Top of SUPPLIED MATERIAL

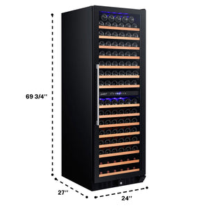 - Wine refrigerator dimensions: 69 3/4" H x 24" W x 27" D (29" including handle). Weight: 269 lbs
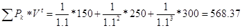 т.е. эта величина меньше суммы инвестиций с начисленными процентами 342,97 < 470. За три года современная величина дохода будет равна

Bottom of SUPPLIED MATERIAL
Top of SUPPLIED MATERIAL

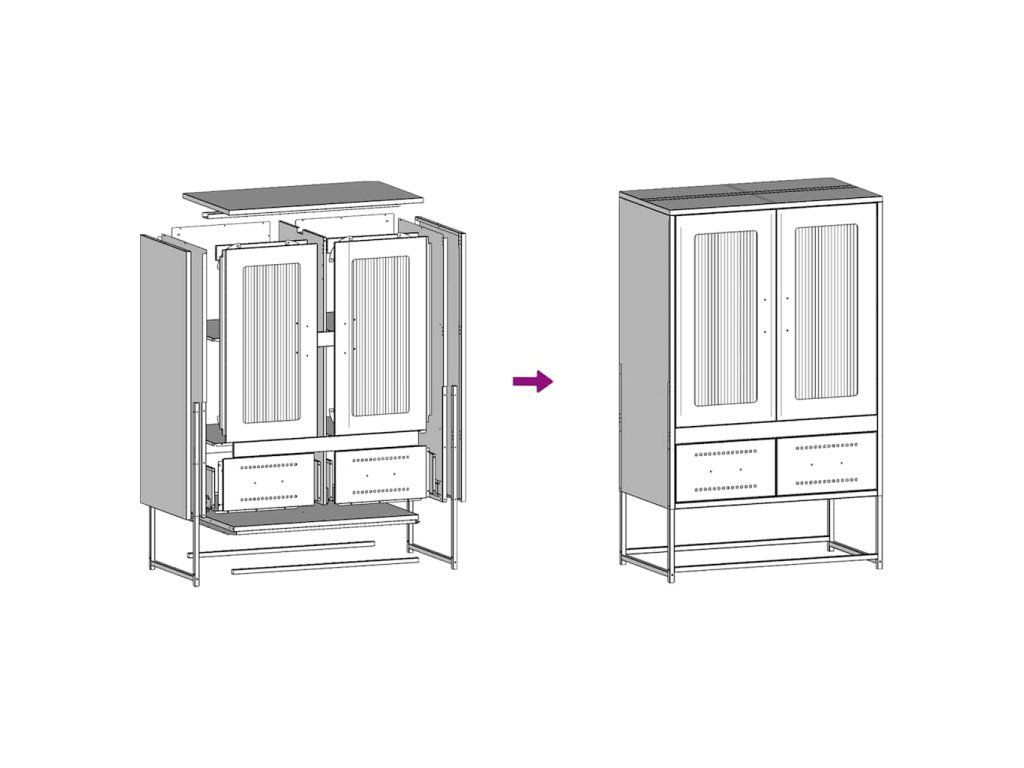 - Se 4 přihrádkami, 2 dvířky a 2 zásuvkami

Bottom of SUPPLIED MATERIAL

WORK TO COMPLETE: When you reach the line that has "- Wine refrigerator" in the data above, start repeating lines exactly, and stop after the line that has "т.е. эта величина"; pictures stay out.

YOUR RESPONSE:
 - Wine refrigerator dimensions: 69 3/4" H x 24" W x 27" D (29" including handle). Weight: 269 lbs
 т.е. эта величина меньше суммы инвестиций с начисленными процентами 342,97 < 470. За три года современная величина дохода будет равна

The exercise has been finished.